Ten years ago, Marc Andreessen wrote presciently that “software was eating the world”. And as Roy Amara said, “we overestimate the impact of technology in the short term and underestimate the effect in the long term”. Andreessen was rightly assumed to be hyping up enormous pure-play technology businesses like Facebook and Twitter, which were the focus of everyone’s attention in the late 2000s and early 2010s. But his point was that software would eventually eat the world – that it would touch every industry and change every business.
That’s because software has magical properties that nothing before it has been able to match. It has the potential to achieve zero marginal costs. It has the ability to increase productivity in sectors that have previously been untouchable. It’s probably coming for your industry, if it hasn’t already. If you’re suffering from cost disease, software might well be the cure – but will it be you that sees the benefit?
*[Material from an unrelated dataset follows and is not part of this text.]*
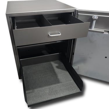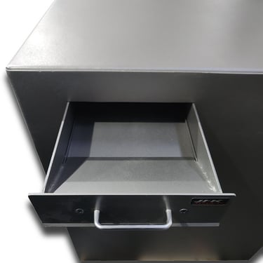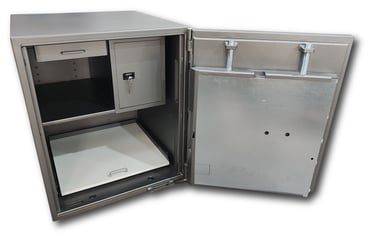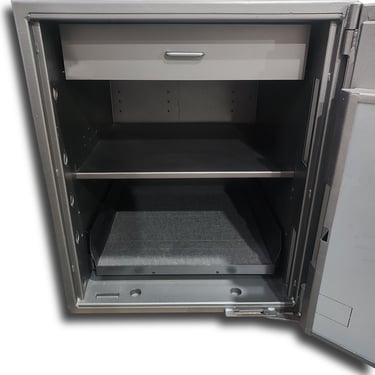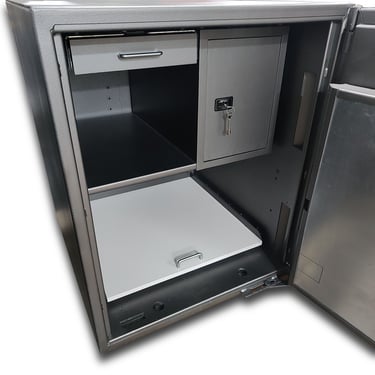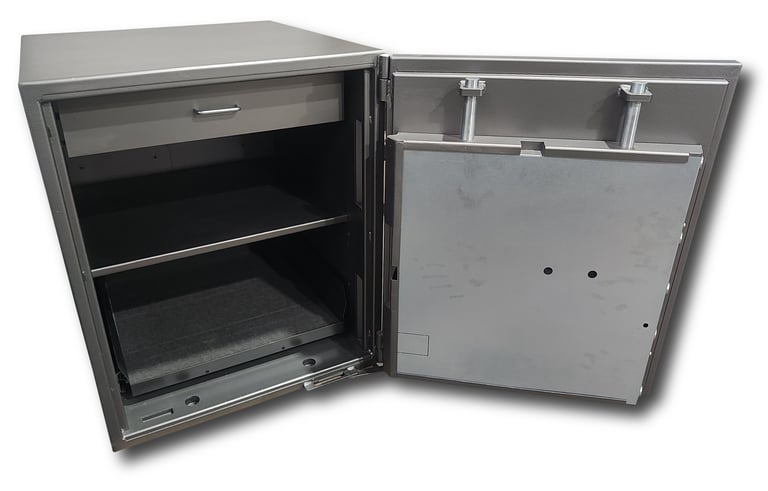Caja fuerte, la caja consta de un estante fijo, un cajón y un estante con corredera reforzada para que sea mas cómodo el guardar cosas debajo.
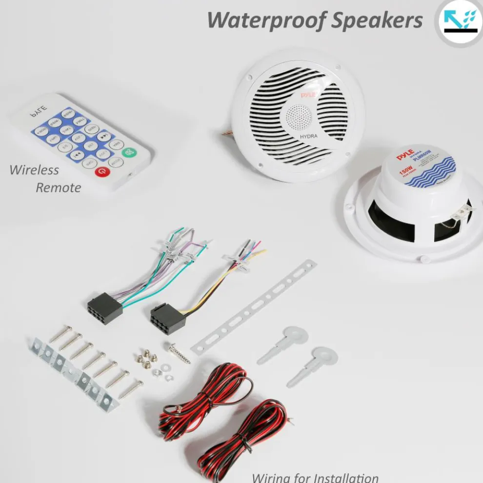 - Includes Stereo Receiver, (2) Waterproof Speakers + Accessory Kit

This week’s four interesting links
I knew that butter lasted for a while out of the fridge, but didn’t realise quite how long – to the point that many people advocate never refrigerating it in the first place:
“In 2015, Ms. Mertzel sent samples of four brands of butter to a lab for testing. The finding: No sign of spoilage after three weeks of storage at 68 to 77 degrees Fahrenheit [20 to 25 degrees celsius]. She commissioned a similar analysis this year and found no spoilage after 30 days.
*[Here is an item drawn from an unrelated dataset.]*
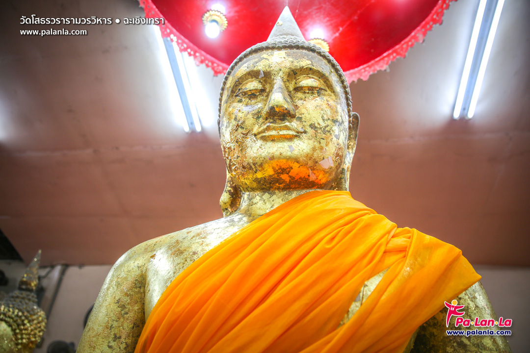 องค์พระพุทธรูปนี้มักเรียกกันว่าหลวงพ่อโสธร ซึ่งเป็นที่เคารพศรัทธาของชาวบ้านเป็นอย่างมาก โดยจะมีผู้เดินทางมากราบสักการะอย่างหนาแน่นเป็นประจำทุกวัน องค์หลวงพ่อโสธรเป็นพระพุทธรูปปางสมาธิ หน้าตักกว้าง 165 เซนติเมตร สูง 198 เซนติเมตร สลักขึ้นโดยช่างฝีมือล้านช้าง ซึ่งสันนิษฐานว่าถูกนำมาประดิษฐานที่วัดแห่งนี้ในสมัยกรุงธนบุรีตอนต้น ราวปีพ.ศ. 2313 ต่อมาในพ.ศ. 2501 ในหลวงรัชกาลที่ 9 ได้โปรดเกล้าฯ ให้ยกวัดแห่งนี้เป็นพระอารามหลวงชั้นตรี ชนิดวรวิหาร โดยมีนามเต็มว่า วัดโสธรวรารามวรวิหาร นับแต่นั้นมา
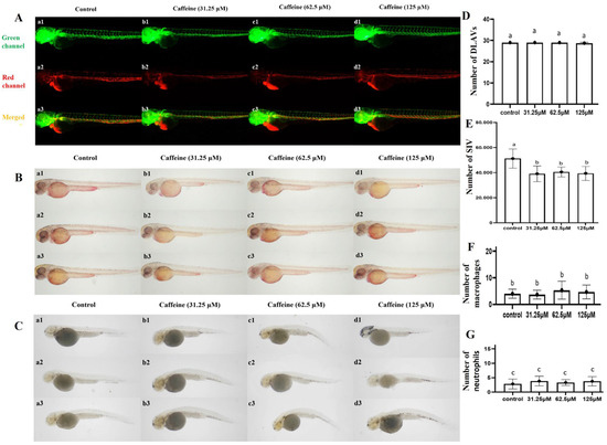 Developmental toxicity assessment of zebrafish embryos in response to caffeine exposure. (A) represents the development status of dorsal longitudinal anastomotic vessels (DLAVs) and subintestinal vein (SIV) after 72 h of caffeine exposure; (B,C) represent the NR labeling of macrophages and SB labeling of neutrophils in 72 h post-embryonic (hpe) caffeine-treated zebrafish larvae; (D) represents the DLAV numbers; (E) represents the SIV number; (F) represents the number of macrophages; (G) represents the number of neutrophils. The results are presented as mean ± SD (three trials, n = 10) and a bar chart marked with different letters indicates significant differences (p < 0.05). The letters a, b, and c on the bar chart represent the levels of significance. The same letter indicates no significant difference between the two, while different letters indicate a significant difference (p < 0.05).

“‘This is a quality issue, not a safety issue,’ said Gina Mode, a butter researcher at the University of Wisconsin’s Center for Dairy Research. Butter will eventually go rancid but that won’t make people sick, she said. Ms. Mode in an informal survey of her colleagues found that 24 of 31 keep butter out, a telling data point among experts.”
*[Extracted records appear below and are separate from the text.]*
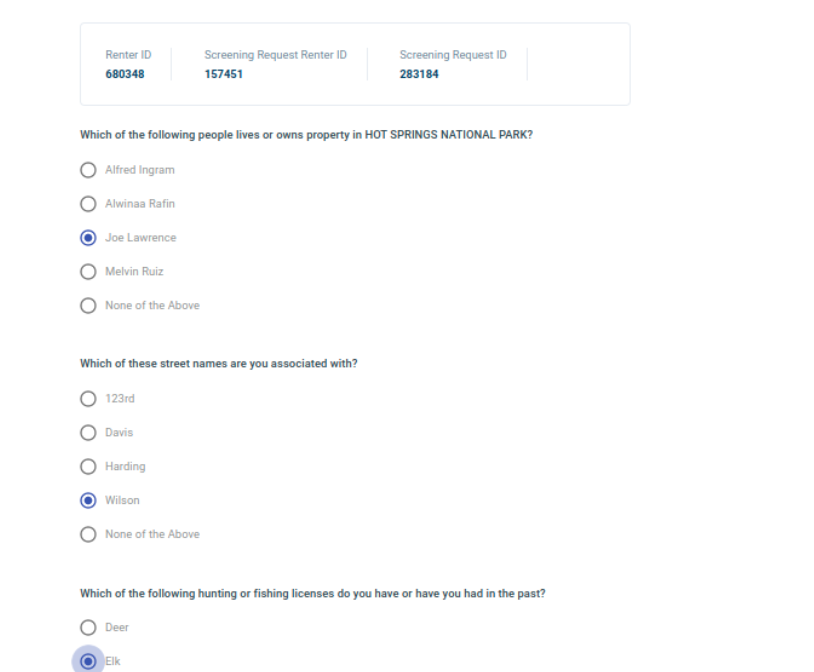 - Mark the correct answers to confirm your identity.
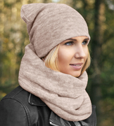 Komplet zimowy Benita, damska czapka i komin, beżowy melanż, 55-57 cm
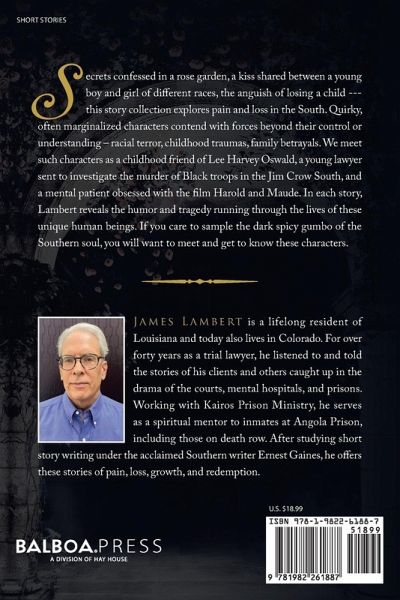 Secrets confessed in a rose garden, a kiss shared between a young boy and girl of different races, the anguish of losing a child --- this story collection explores pain and loss in the South. Quirky, often marginalized characters contend with forces beyond their control or understanding - racial terror, childhood traumas, family betrayals. We meet such characters as a childhood friend of Lee Harvey Oswald, a young lawyer sent to investigate the murder of Black troops in the Jim Crow South, and a mental patient obsessed with the film Harold and Maude. In each story, Lambert reveals the humor and tragedy running through the lives of these unique human beings. If you care to sample the dark spicy gumbo of the Southern soul, you will want to meet and get to know these characters.

Adam Rutherford showcases five data visualisations that changed the world, for both good and ill:
John Snow’s dot map of Soho, that led to an understanding of the transmission of cholera
Florence Nightingale’s Coxcomb of military deaths in the Crimean War
W. E. B. Du Bois’s graphs of African-American advancement in the years following slavery
Henry Goddard’s Kallikak family tree, used to justify eugenics
Ed Hawkins’s global warming colour stripes
Richard Jones, whose Soft Machines blog is a great read on industrial strategy, sets out what the UK should do to build an effective semiconductor strategy – of huge importance given the emergence of compute-hungry AIs. The options aren’t amazing, mainly because we’ve been neglectful in the past:
“The UK’s limited options in this strategically important technology should make us reflect on the decisions – implicit and explicit – that led the UK to be in such a weak position.
“Korea & Taiwan – with less ideological aversion to industrial strategy than UK – rode the wave of the world’s fastest developing technology while the UK sat on the sidelines. Their economic performance has surpassed the UK.”
Andreas Wagner, in an extract from his new book, details the evolutions – in both biology and human culture – that lay dormant for years before suddenly encountering the conditions in which to become successful:
“These and many other new life forms remained dormant before succeeding explosively. They are the sleeping beauties of biological evolution. They cast doubt on many widely assumed beliefs about success and failure. And these doubts apply not just to the innovations of nature, but also to those of human culture.”